▶ [Task to carry out]
Please repeat every record exactly, leaving out any pictures.

--- Listed records Enclosed Below ---

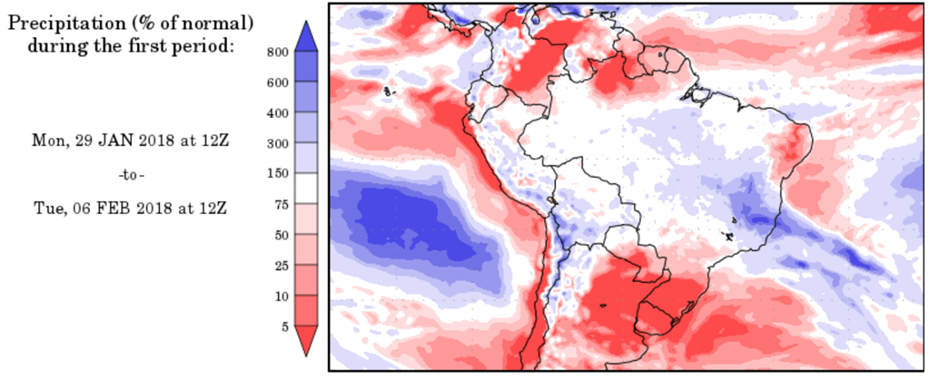 La dernière fin de semaine aura vu certaines régions plus au sud et à l’ouest de l’Argentine profiter de précipitations un peu plus importantes que prévu. Par contre, toute l’attention des marchés se tourne vers les perspectives pour les 2 prochaines semaines qui laissent peu de place à interprétation : ce sera chaud, mais surtout encore très sec pour les cultures en cours.
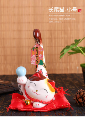 Long tail cat lucky cat large ornament Caiyuan Guangjin store opening gift ceramic cat gold luck lucky cat
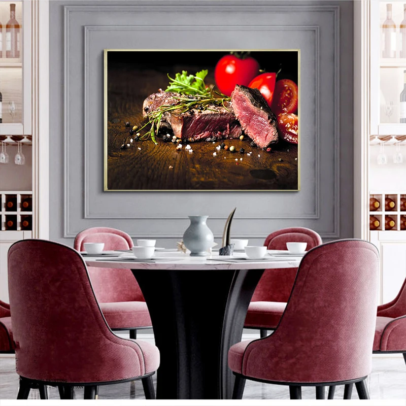Печатный постер в скандинавском стиле для стейка, фруктов, приправ, настенное искусство, Картина на холсте с изображением вкусной еды, Модульная картина для кухни, домашний декор
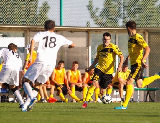 El marcador fue abierto en el primer ataque peligroso del partido, lo que ocurrió sólo a 22 minutos. Los huéspedes han ganado el derecho a un estándar. Denis Makogonenko no reacciono bien al primer tiro y heroicamente jugo en el segundo disparo, pero no fue suficiente. Nicholai Kotruce mando el balón en la puerta . Por lo tanto los anfitriones aturdidos inmediatamente hicieron varios intentos de igualar. Andrei Kobec perdió una gran oportunidad dando en el portero. Inmediatamente Vladislav Satalkin con la cabeza no dio en el blanco desde fuera de la porteria . Seis minutos antes del descanso Igor Bondarenko entro otra vez en el area penal y fue hechado al suelo por su oponente. Eugene Oancease ofreció para llevar a cabo una sanción , que venció portero de los rivales.
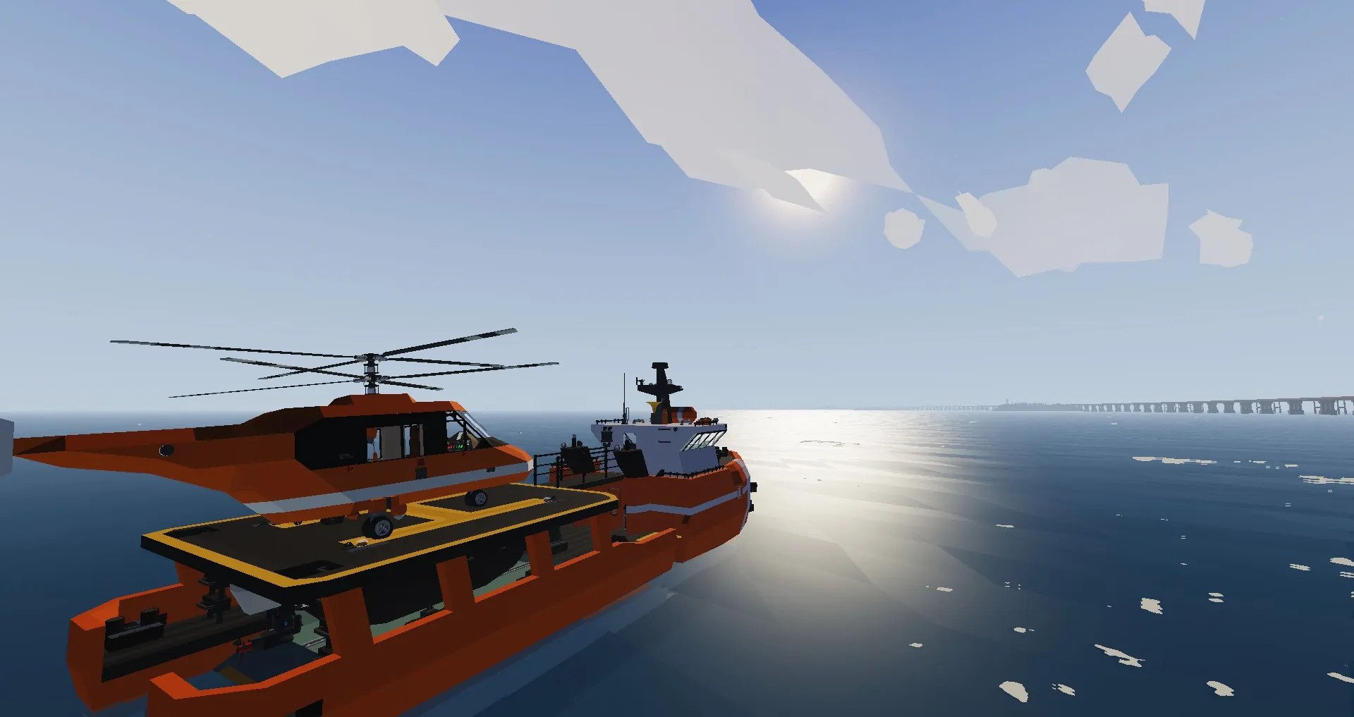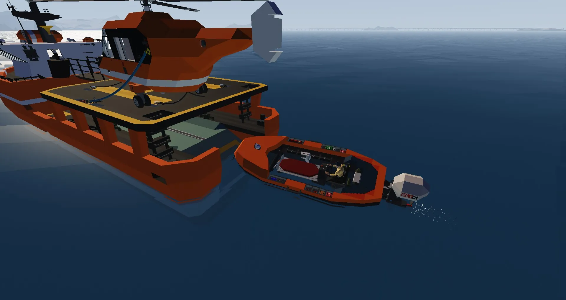 a helicopter and has a small rescue boat for picking up people in water.
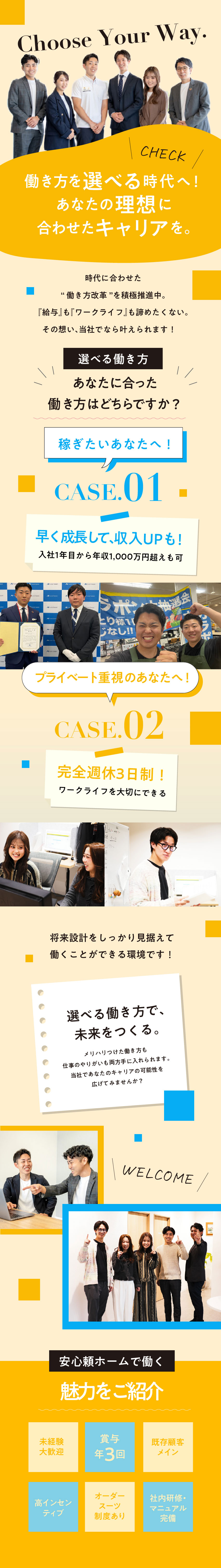 選べる働き方/国内メーカー住宅設備営業/賞与年3回
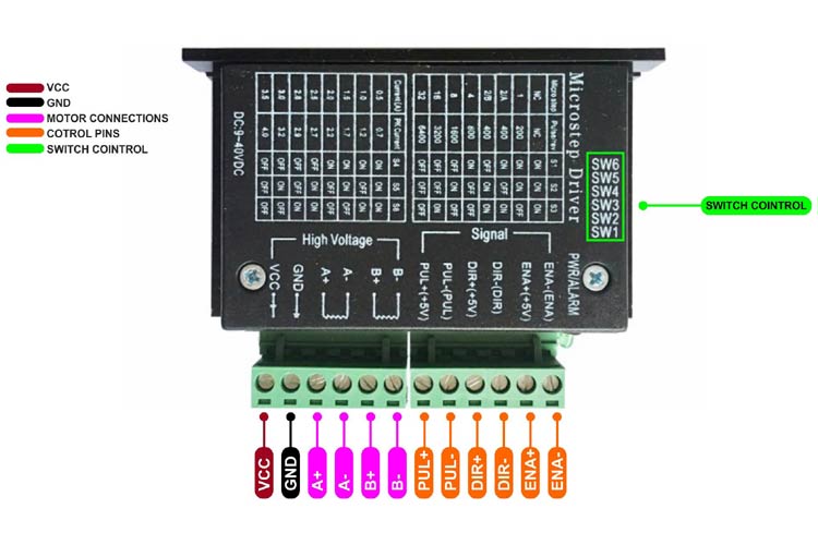 Pin Configuration of TB6600 Stepper Motor Driver Module

--- End of Enclosed Listed records ---

▶ [Answer box]
 La dernière fin de semaine aura vu certaines régions plus au sud et à l’ouest de l’Argentine profiter de précipitations un peu plus importantes que prévu. Par contre, toute l’attention des marchés se tourne vers les perspectives pour les 2 prochaines semaines qui laissent peu de place à interprétation : ce sera chaud, mais surtout encore très sec pour les cultures en cours.
 Long tail cat lucky cat large ornament Caiyuan Guangjin store opening gift ceramic cat gold luck lucky cat
Печатный постер в скандинавском стиле для стейка, фруктов, приправ, настенное искусство, Картина на холсте с изображением вкусной еды, Модульная картина для кухни, домашний декор
 El marcador fue abierto en el primer ataque peligroso del partido, lo que ocurrió sólo a 22 minutos. Los huéspedes han ganado el derecho a un estándar. Denis Makogonenko no reacciono bien al primer tiro y heroicamente jugo en el segundo disparo, pero no fue suficiente. Nicholai Kotruce mando el balón en la puerta . Por lo tanto los anfitriones aturdidos inmediatamente hicieron varios intentos de igualar. Andrei Kobec perdió una gran oportunidad dando en el portero. Inmediatamente Vladislav Satalkin con la cabeza no dio en el blanco desde fuera de la porteria . Seis minutos antes del descanso Igor Bondarenko entro otra vez en el area penal y fue hechado al suelo por su oponente. Eugene Oancease ofreció para llevar a cabo una sanción , que venció portero de los rivales.
 a helicopter and has a small rescue boat for picking up people in water.
 選べる働き方/国内メーカー住宅設備営業/賞与年3回
 Pin Configuration of TB6600 Stepper Motor Driver Module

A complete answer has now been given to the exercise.